[bug or feature?] default action `$$ = $1` is also executed when the rule has an explicit action block; this is not cf. bison documentation
From the bison docs @ http://dinosaur.compilertools.net/bison/bison_6.html#IDX85 (emphasis mine):
If you don't specify an action for a rule, Bison supplies a default:
$$ = $1. Thus, the value of the first symbol in the rule becomes the value of the whole rule. Of course, the default rule is valid only if the two data types match. There is no meaningful default action for an empty rule; every empty rule must have an explicit action unless the rule's value does not matter.
Technically, jison doesn't do this: it always executes the default action $$ = $1 inside the parser kernel and then lets the user-defined action code overwrite the $$ by executing the "default action" before executing the rule's action code inside the generated performAction() function.

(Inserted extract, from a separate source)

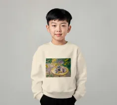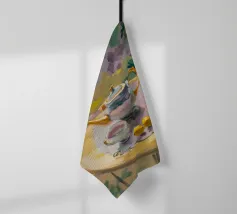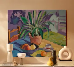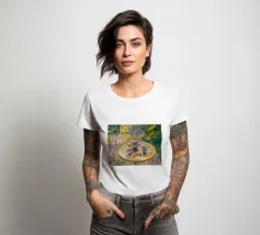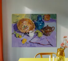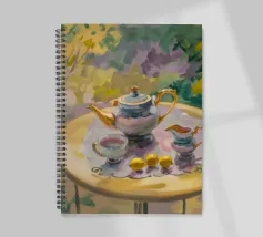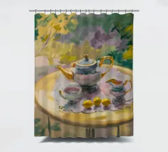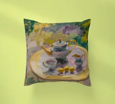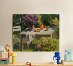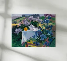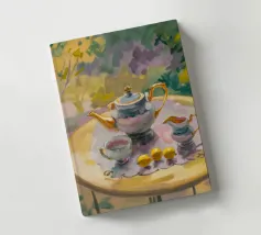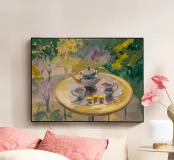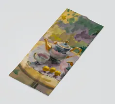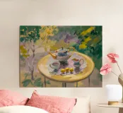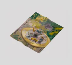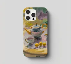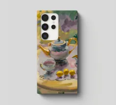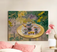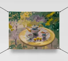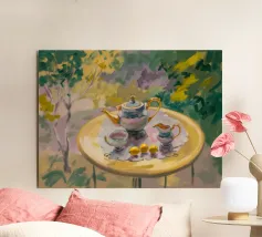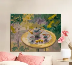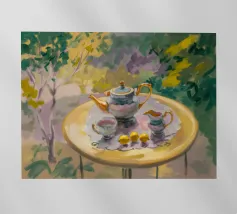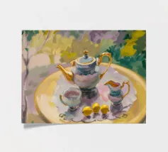 A still life painting shows a porcelain teapot and cups with gold accents on a patterned tray, placed on a light-colored slatted table, suggesting an elegant outdoor tea setting with soft, warm light.

When the userland action code doesn't modify the $$ value, it will remain set to equal the $1 value, rather than making it undefined instead.
Example grammar snippet:
slist : slist stmt ';' { console.log("** not touching $$!\n"); }
| stmt ';' {
console.log("** neither am I!\n");
}
;
Suggested solution v1.0
Modify jison to inspect the grammar rules' action code blocks (which jison handles anyway while it places them inside performAction() and:
- replace the current kernel 'default action' code with
$$ = undefined. WARNING! SEE SECTION FURTHER BELOW! THIS IS NOT A GOOD IDEA! - add the default action code
$$ = $1to any non-empty rule which does not have any action at all - add the default action code
$$ = undefinedto any empty rule, so that the behaviour is always predictable and$$is set to a known value after eachreduceaction - prefix any user-defined action code block which does not set
$$with the action code$$ = undefined. WARNING! SEE SECTION FURTHER BELOW! THIS IS NOT A GOOD IDEA!

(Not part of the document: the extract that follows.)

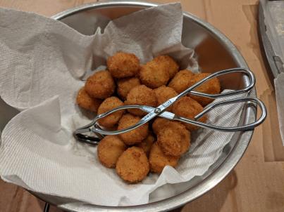 Arrange balls in a single layer in the basket of a deep fryer, then fry each batch at 375°F for about 2 minutes until golden brown and crispy. Alternately, freeze balls and fry later, increasing time to about 3 minutes.

Why the initial suggestion is not a smart idea to do
Quoting from the same bison section a bit more:
$nwithnzero or negative is allowed for reference to tokens and groupings on the stack before those that match the current rule. This is a very risky practice, and to use it reliably you must be certain of the context in which the rule is applied. Here is a case in which you can use this reliably:foo: expr bar '+' expr { ... } | expr bar '-' expr { ... } ; bar: /* empty */ { previous_expr = $0; } ;As long as
baris used only in the fashion shown here,$0always refers to theexprwhich precedesbarin the definition offoo.
As I want to support this 'obscure' feature too, the previous changeset would obliterate $0 because $$ === $0 due to the nature of the parse stack.
Still we need to change jison such that the default action $$ = $1 only happens when there is no user-defined action for the given rule at all; the suggested default action for all other situations, in order to produce a deterministic $$ behaviour on reduce, is to set $$ = undefined.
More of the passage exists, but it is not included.